TASK = Without the pictures, write the listing out again exactly as it appears.

________________________________________

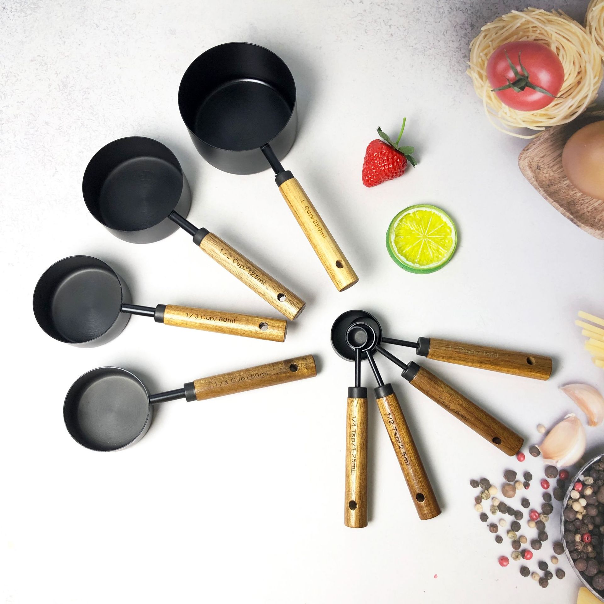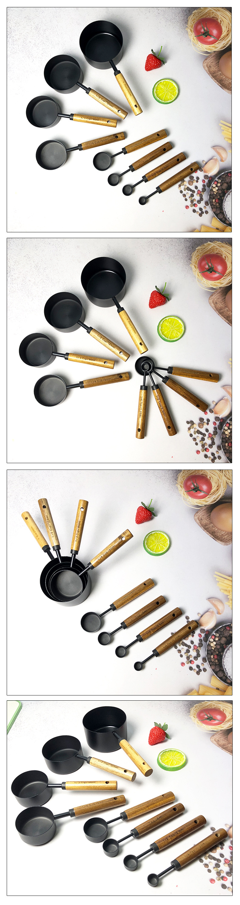 • 블랙 계량컵 계량스푼 8종세트-아카시아나무
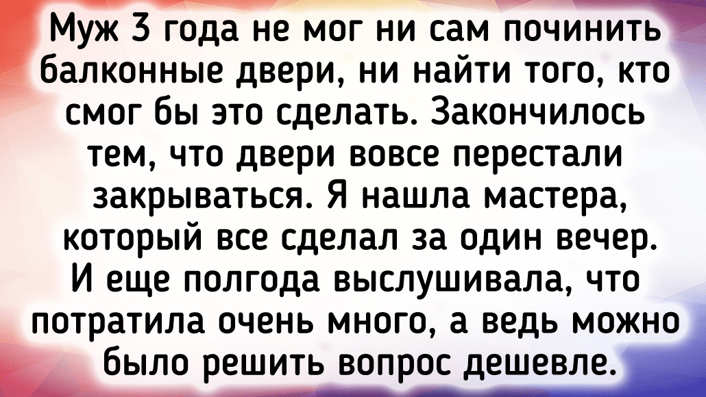 Муж 3 года не мог ни сам починить балконные двери, ни найти того, кто смог бы это сделать. Закончилось тем, что двери вовсе перестали закрываться. Я нашла мастера, который все сделал за один вечер. И еще полгода выслушивала, что потратила очень много, а ведь можно было решить вопрос дешевле. © Оксана Буцулина / Dzen
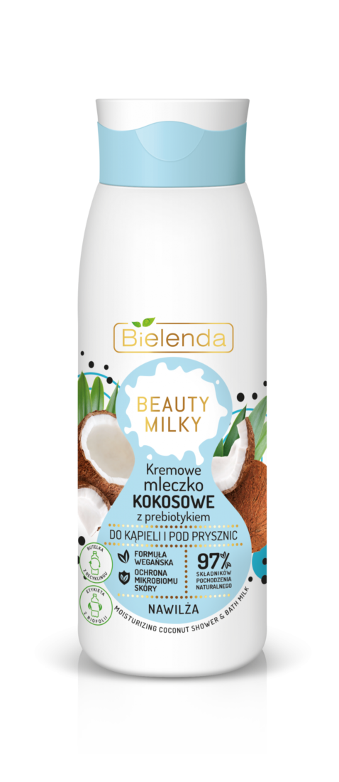 Позначок: BEAUTY MILKY, гель для душу, Гель-молочко для душу Кокосове молочко + Пребіотик, зволоження тіла, молочко для душу, щоденний догляд за тілом
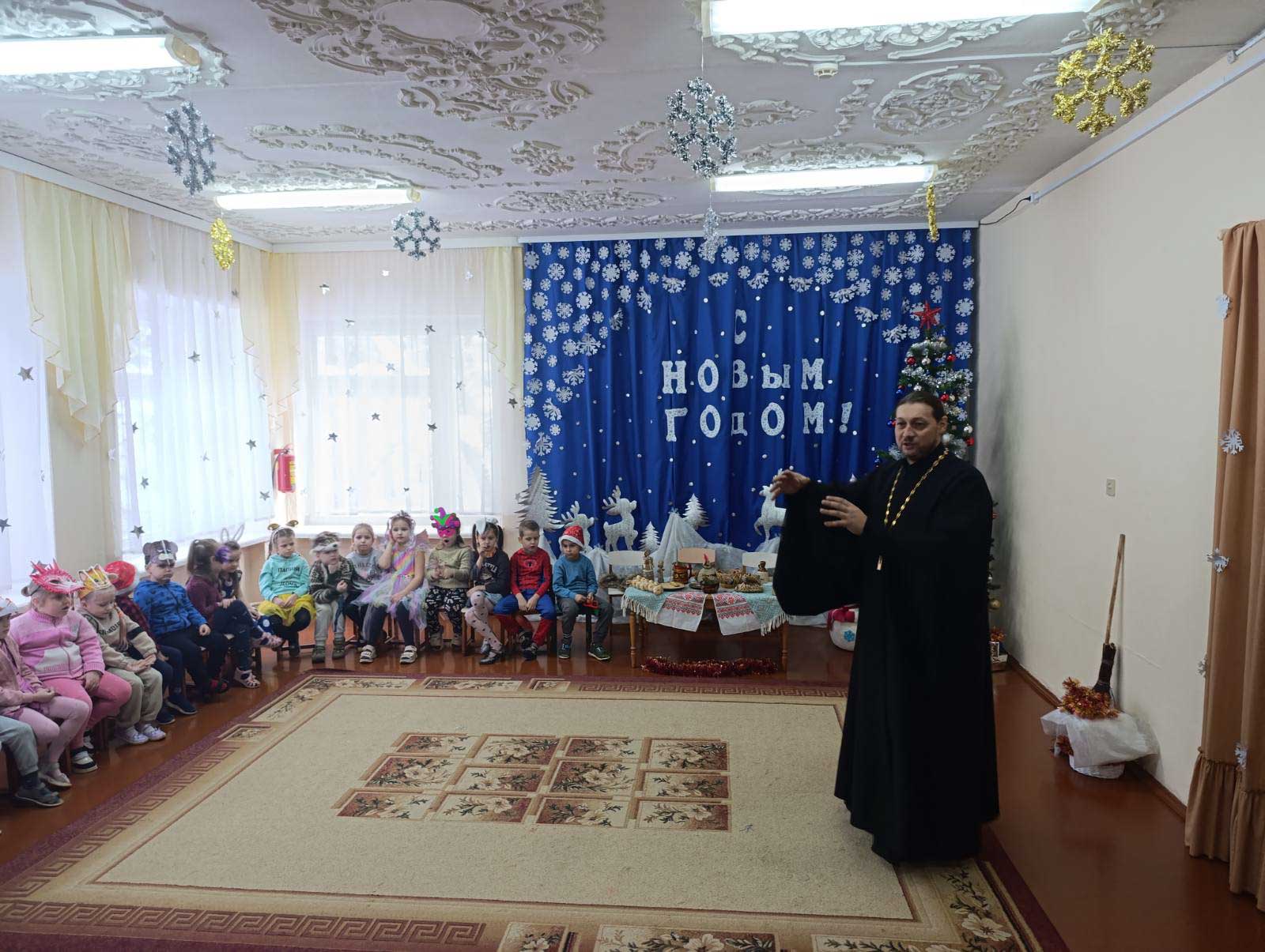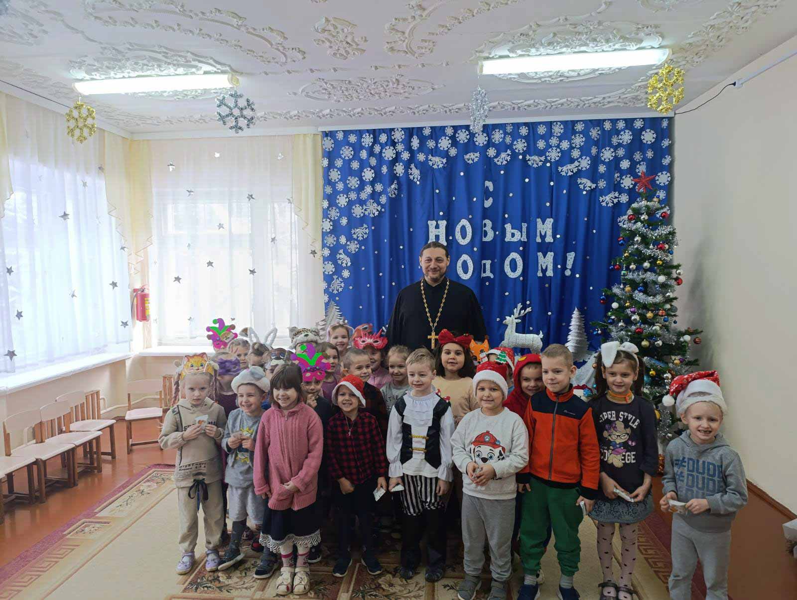 Кроме того, священнослужитель посетил ГУО «Ченковский детский сад», где провёл беседу с младшими воспитанниками, рассказав им о Рождении Спасителя, смысле праздника и христианской радости.
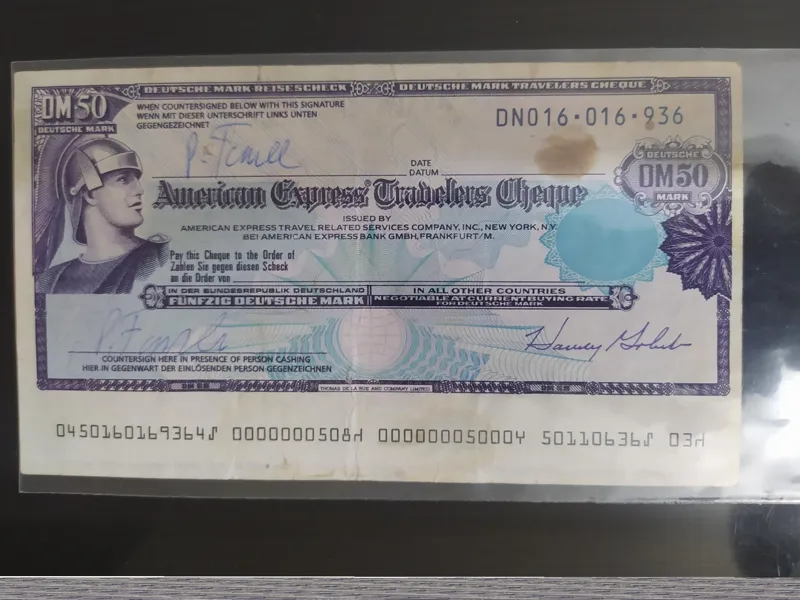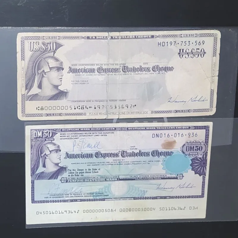 بهمراه ست ارزشمند زیبا و کمیاب دو برگ تراول چک اکسپرس. شامل 50دلار آمریکا و 50 مارک آلمان 1993 مورد مصرف در دو کشور
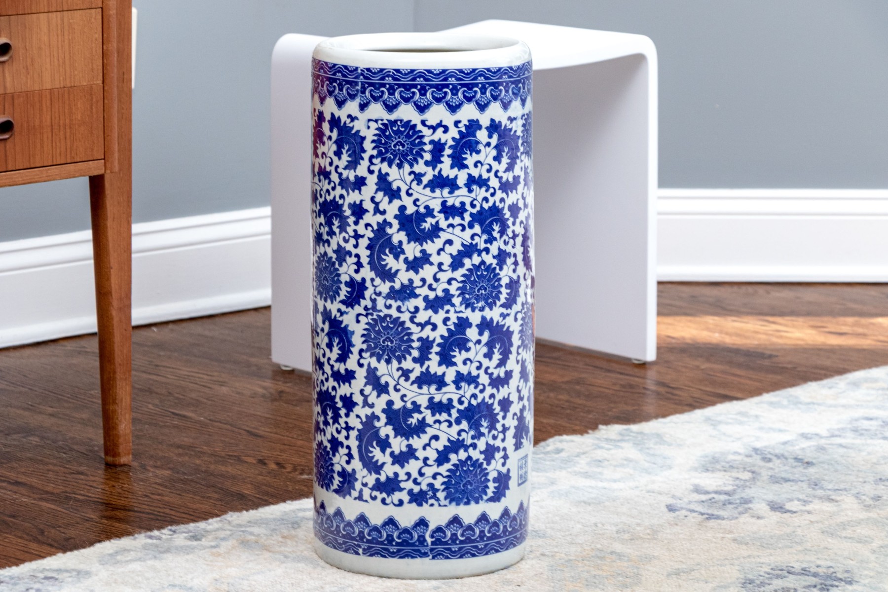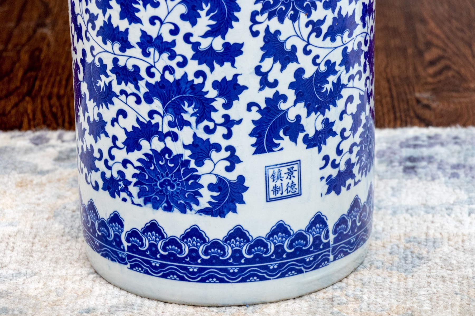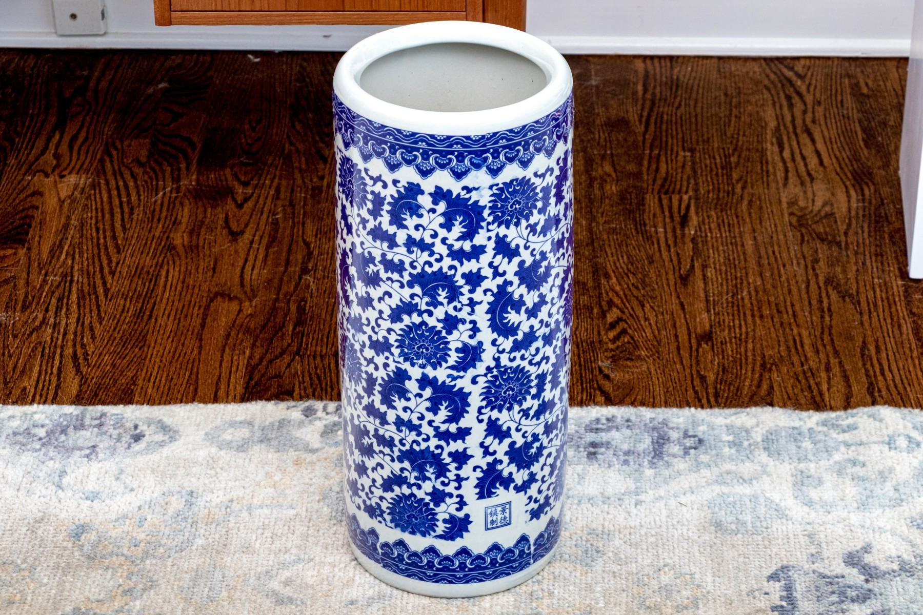 A gorgeous 20th century Chinese porcelain umbrella stand in sleek cylindrical form, well decorated with transferware scalloped borders and ornate flowers on fine vining foliage in vibrant monochromatic blue.
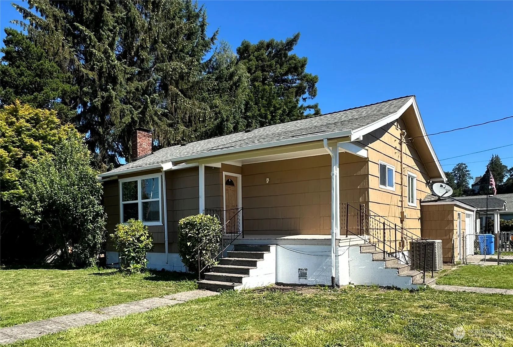 Calling all investors! Perfectly set on a large corner lot, this cute bungalow, with new paint inside and out, is ready for your personal touch! With two bedrooms and one bath, there is newer flooring upstairs (936 SF) w/ an unfinished basement (928 SF) with laundry. Fully fenced, the property includes all appliances, heat pump, and 1.5-car garage with plenty of storage. Enjoy coffee on the front porch in the morning or s’mores around a fire pit in the backyard. Close to shopping and easy access to I-5, this home may be “just right” for you! Sold AS-IS.
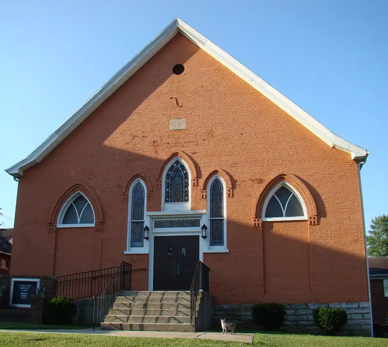 First African Baptist Church and Parsonage is an historically significant church building and an associated parsonage located in the United States on West Jefferson Avenue in Georgetown, Kentucky. In 1842, First Baptist Church moved from their West Jefferson location to a site closer to Georgetown College on College and Hamilton Streets. The church's previous building and property were leased to local black Baptists so a new congregation solely for blacks could be formed. The current building was constructed in 1870. The buildings were added to the U.S. National Register of Historic Places in 1984. Read more on Wikipedia
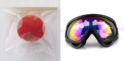 鼻と目のガードに、つけ鼻とビッグゴーグル…
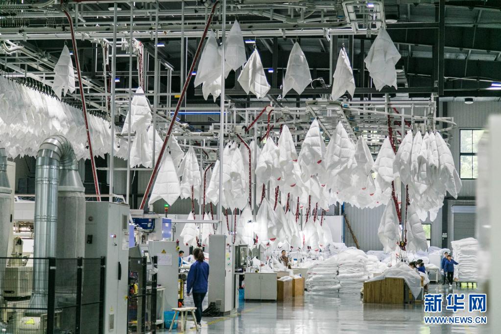 這是2019年4月28日在湖南省長沙市拍攝的夢潔家紡智能生產(chǎn)線。新華社記者 陳思汗 攝
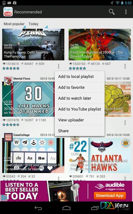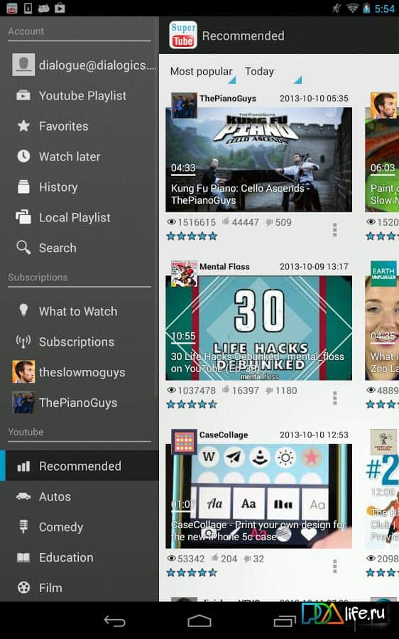 SuperTube -youtube a convenient player for Android to view your favorite videos. The program has a simple uncluttered interface that even a novice will understand. Functionality is also excellent in addition to standard functions such as rewind, pause, and other there are other useful pieces that will be a nice addition when using the application.

________________________________________

EXERCISE SOLUTION =
 • 블랙 계량컵 계량스푼 8종세트-아카시아나무
 Муж 3 года не мог ни сам починить балконные двери, ни найти того, кто смог бы это сделать. Закончилось тем, что двери вовсе перестали закрываться. Я нашла мастера, который все сделал за один вечер. И еще полгода выслушивала, что потратила очень много, а ведь можно было решить вопрос дешевле. © Оксана Буцулина / Dzen
 Позначок: BEAUTY MILKY, гель для душу, Гель-молочко для душу Кокосове молочко + Пребіотик, зволоження тіла, молочко для душу, щоденний догляд за тілом
 Кроме того, священнослужитель посетил ГУО «Ченковский детский сад», где провёл беседу с младшими воспитанниками, рассказав им о Рождении Спасителя, смысле праздника и христианской радости.
 بهمراه ست ارزشمند زیبا و کمیاب دو برگ تراول چک اکسپرس. شامل 50دلار آمریکا و 50 مارک آلمان 1993 مورد مصرف در دو کشور
 A gorgeous 20th century Chinese porcelain umbrella stand in sleek cylindrical form, well decorated with transferware scalloped borders and ornate flowers on fine vining foliage in vibrant monochromatic blue.
 Calling all investors! Perfectly set on a large corner lot, this cute bungalow, with new paint inside and out, is ready for your personal touch! With two bedrooms and one bath, there is newer flooring upstairs (936 SF) w/ an unfinished basement (928 SF) with laundry. Fully fenced, the property includes all appliances, heat pump, and 1.5-car garage with plenty of storage. Enjoy coffee on the front porch in the morning or s’mores around a fire pit in the backyard. Close to shopping and easy access to I-5, this home may be “just right” for you! Sold AS-IS.
 First African Baptist Church and Parsonage is an historically significant church building and an associated parsonage located in the United States on West Jefferson Avenue in Georgetown, Kentucky. In 1842, First Baptist Church moved from their West Jefferson location to a site closer to Georgetown College on College and Hamilton Streets. The church's previous building and property were leased to local black Baptists so a new congregation solely for blacks could be formed. The current building was constructed in 1870. The buildings were added to the U.S. National Register of Historic Places in 1984. Read more on Wikipedia
 鼻と目のガードに、つけ鼻とビッグゴーグル…
 這是2019年4月28日在湖南省長沙市拍攝的夢潔家紡智能生產(chǎn)線。新華社記者 陳思汗 攝
 SuperTube -youtube a convenient player for Android to view your favorite videos. The program has a simple uncluttered interface that even a novice will understand. Functionality is also excellent in addition to standard functions such as rewind, pause, and other there are other useful pieces that will be a nice addition when using the application.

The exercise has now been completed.